ASSIGNMENT
Any picture in the data below should be skipped, while every line is repeated exactly.

########################################

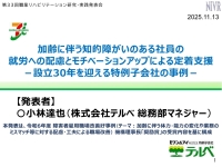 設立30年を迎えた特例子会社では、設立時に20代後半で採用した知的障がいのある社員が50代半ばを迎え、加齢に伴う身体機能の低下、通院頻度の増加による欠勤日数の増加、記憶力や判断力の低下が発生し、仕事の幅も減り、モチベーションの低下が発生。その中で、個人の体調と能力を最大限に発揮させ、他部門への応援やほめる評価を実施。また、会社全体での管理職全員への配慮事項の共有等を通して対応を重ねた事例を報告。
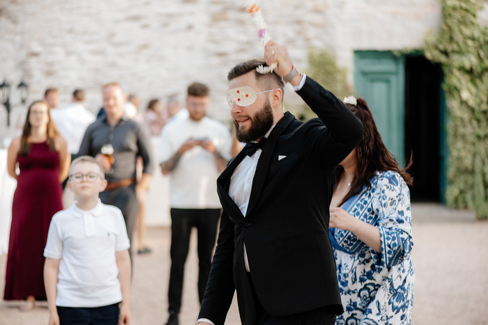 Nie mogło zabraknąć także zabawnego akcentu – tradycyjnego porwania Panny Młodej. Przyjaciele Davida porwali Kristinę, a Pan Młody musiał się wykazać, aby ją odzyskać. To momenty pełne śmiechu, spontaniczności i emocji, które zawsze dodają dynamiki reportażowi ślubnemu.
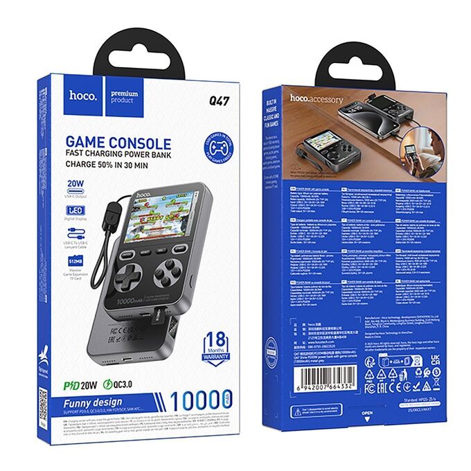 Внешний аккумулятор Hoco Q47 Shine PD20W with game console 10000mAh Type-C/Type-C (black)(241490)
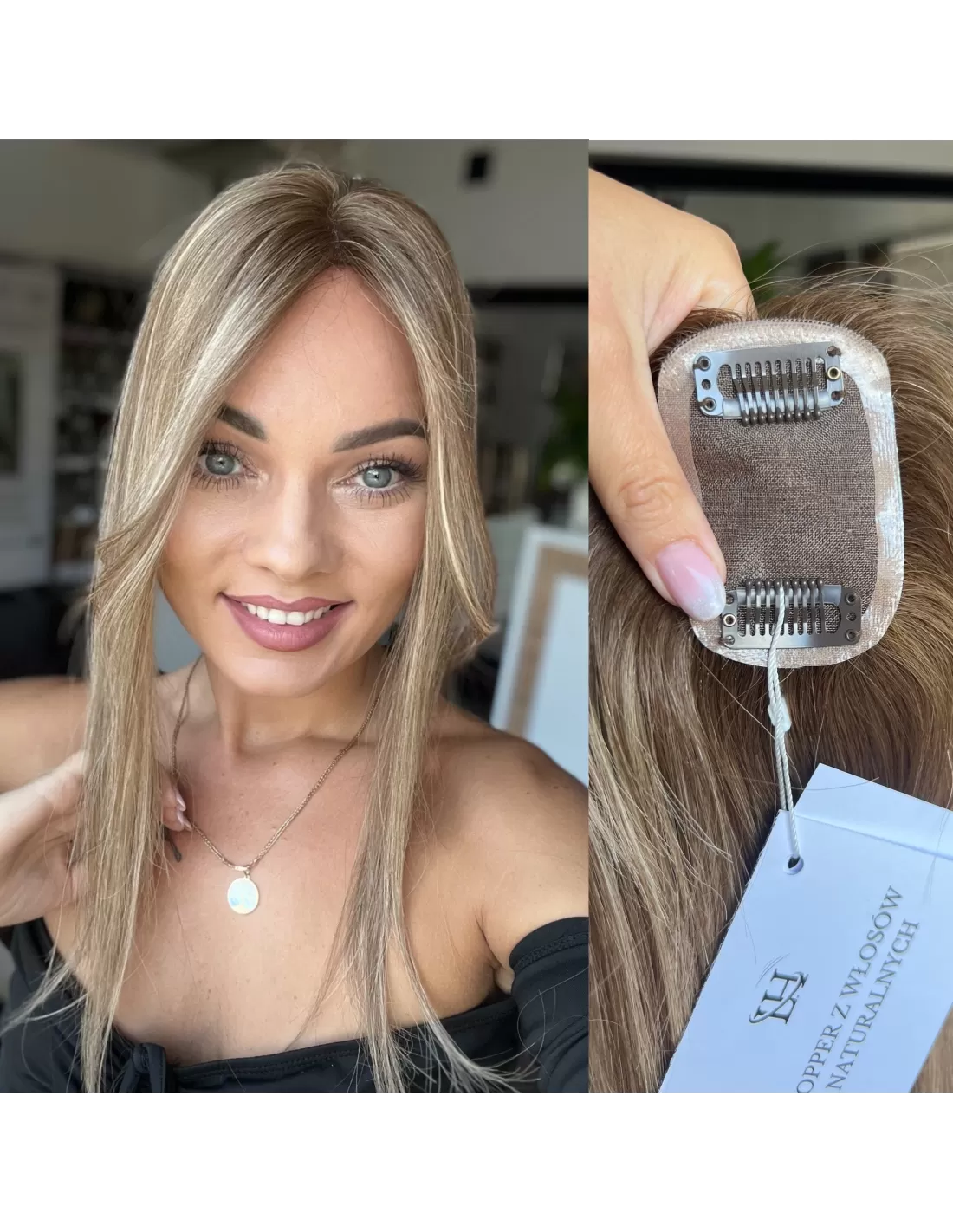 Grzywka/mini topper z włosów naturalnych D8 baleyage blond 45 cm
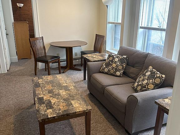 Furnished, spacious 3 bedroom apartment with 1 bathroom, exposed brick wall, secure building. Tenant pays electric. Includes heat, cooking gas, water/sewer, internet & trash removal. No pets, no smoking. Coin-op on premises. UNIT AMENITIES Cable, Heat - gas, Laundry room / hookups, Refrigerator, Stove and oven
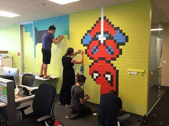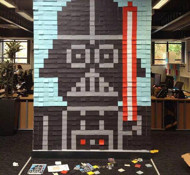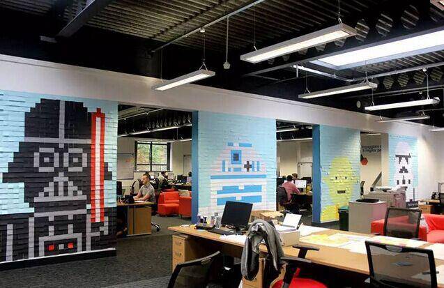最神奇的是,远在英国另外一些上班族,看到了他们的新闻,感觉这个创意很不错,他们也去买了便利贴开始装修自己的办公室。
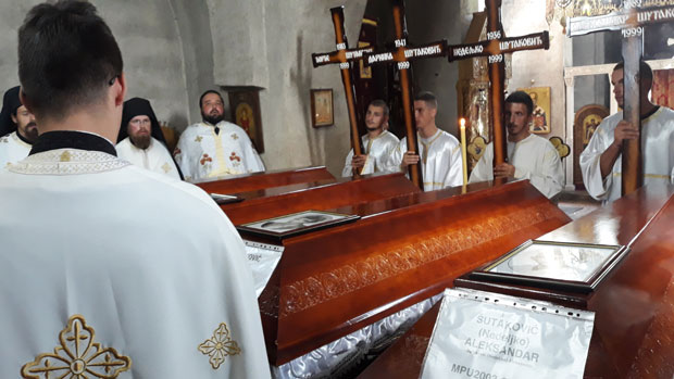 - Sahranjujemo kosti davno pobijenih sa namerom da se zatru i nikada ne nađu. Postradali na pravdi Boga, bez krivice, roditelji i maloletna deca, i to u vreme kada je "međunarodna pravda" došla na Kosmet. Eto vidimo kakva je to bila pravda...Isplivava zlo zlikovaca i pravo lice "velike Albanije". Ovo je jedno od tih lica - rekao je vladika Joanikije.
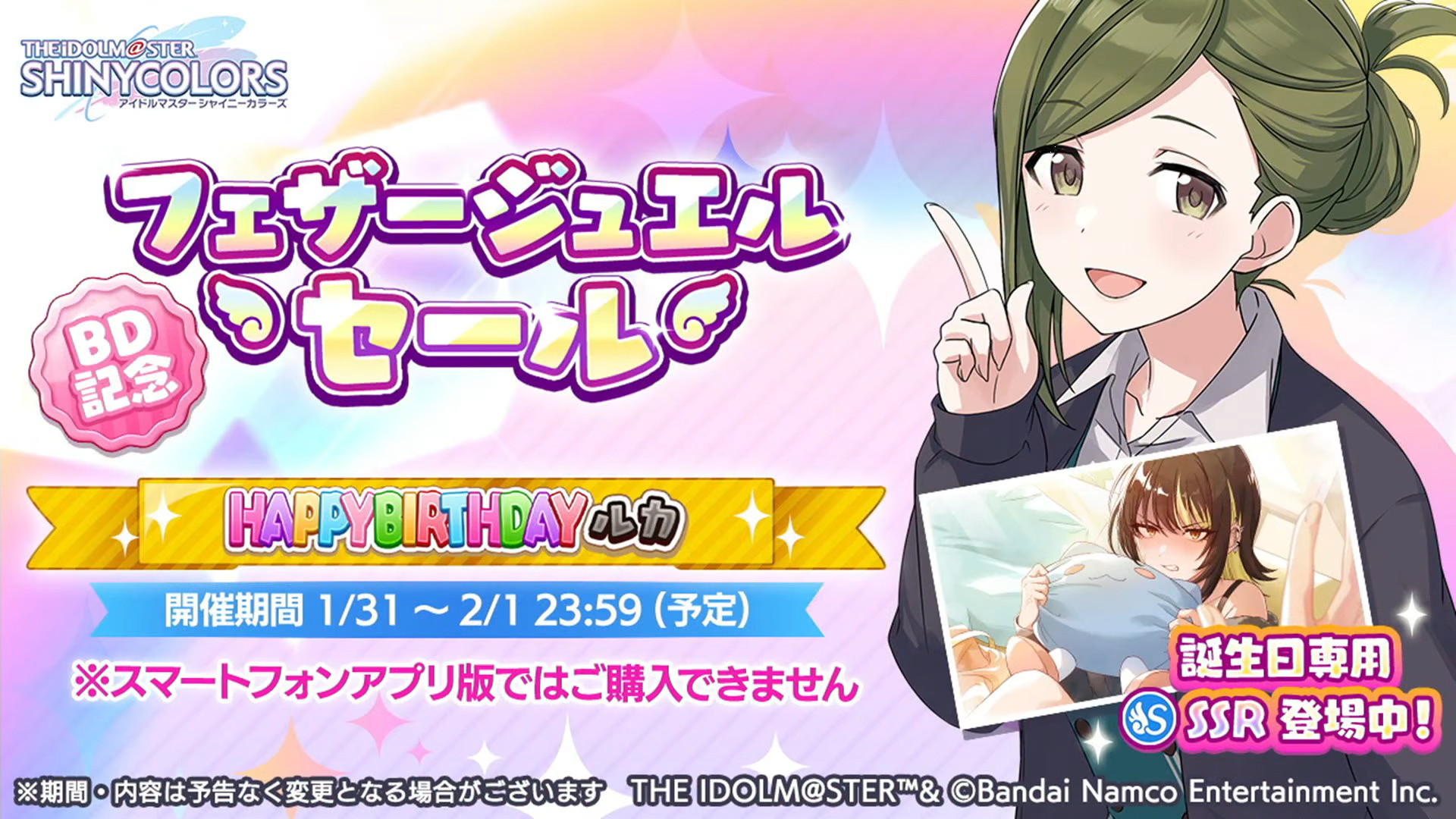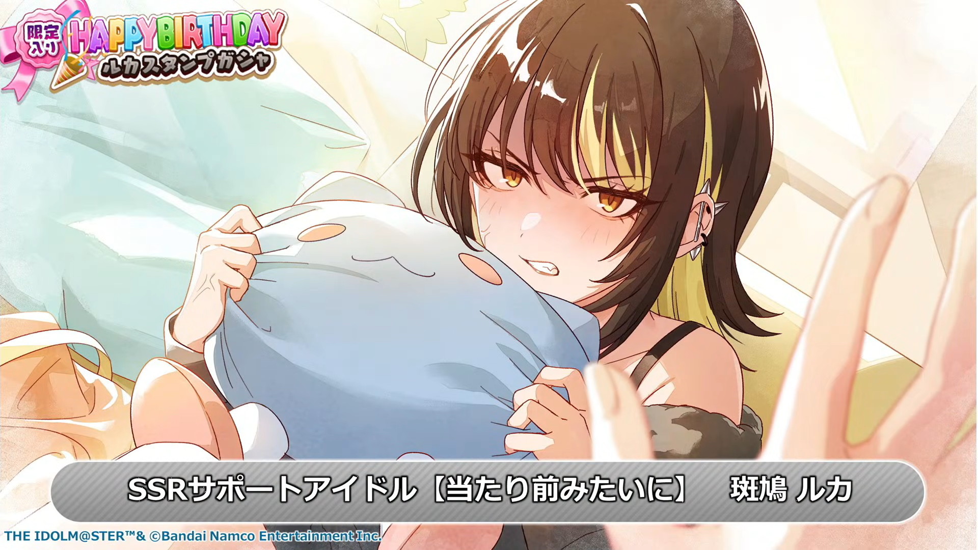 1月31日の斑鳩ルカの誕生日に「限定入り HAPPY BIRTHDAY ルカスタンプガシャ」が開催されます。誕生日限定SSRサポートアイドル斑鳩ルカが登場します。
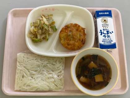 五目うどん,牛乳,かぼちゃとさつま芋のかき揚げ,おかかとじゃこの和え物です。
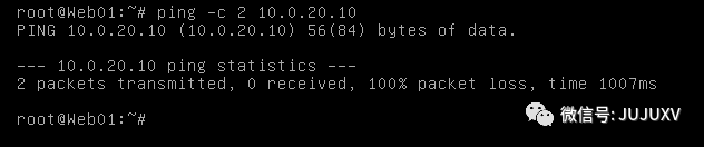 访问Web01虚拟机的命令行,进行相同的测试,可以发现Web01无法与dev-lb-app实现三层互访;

########################################

EXERCISE RESPONSE
 設立30年を迎えた特例子会社では、設立時に20代後半で採用した知的障がいのある社員が50代半ばを迎え、加齢に伴う身体機能の低下、通院頻度の増加による欠勤日数の増加、記憶力や判断力の低下が発生し、仕事の幅も減り、モチベーションの低下が発生。その中で、個人の体調と能力を最大限に発揮させ、他部門への応援やほめる評価を実施。また、会社全体での管理職全員への配慮事項の共有等を通して対応を重ねた事例を報告。
 Nie mogło zabraknąć także zabawnego akcentu – tradycyjnego porwania Panny Młodej. Przyjaciele Davida porwali Kristinę, a Pan Młody musiał się wykazać, aby ją odzyskać. To momenty pełne śmiechu, spontaniczności i emocji, które zawsze dodają dynamiki reportażowi ślubnemu.
 Внешний аккумулятор Hoco Q47 Shine PD20W with game console 10000mAh Type-C/Type-C (black)(241490)
 Grzywka/mini topper z włosów naturalnych D8 baleyage blond 45 cm
 Furnished, spacious 3 bedroom apartment with 1 bathroom, exposed brick wall, secure building. Tenant pays electric. Includes heat, cooking gas, water/sewer, internet & trash removal. No pets, no smoking. Coin-op on premises. UNIT AMENITIES Cable, Heat - gas, Laundry room / hookups, Refrigerator, Stove and oven
最神奇的是,远在英国另外一些上班族,看到了他们的新闻,感觉这个创意很不错,他们也去买了便利贴开始装修自己的办公室。
 - Sahranjujemo kosti davno pobijenih sa namerom da se zatru i nikada ne nađu. Postradali na pravdi Boga, bez krivice, roditelji i maloletna deca, i to u vreme kada je "međunarodna pravda" došla na Kosmet. Eto vidimo kakva je to bila pravda...Isplivava zlo zlikovaca i pravo lice "velike Albanije". Ovo je jedno od tih lica - rekao je vladika Joanikije.
 1月31日の斑鳩ルカの誕生日に「限定入り HAPPY BIRTHDAY ルカスタンプガシャ」が開催されます。誕生日限定SSRサポートアイドル斑鳩ルカが登場します。
 五目うどん,牛乳,かぼちゃとさつま芋のかき揚げ,おかかとじゃこの和え物です。
 访问Web01虚拟机的命令行,进行相同的测试,可以发现Web01无法与dev-lb-app实现三层互访;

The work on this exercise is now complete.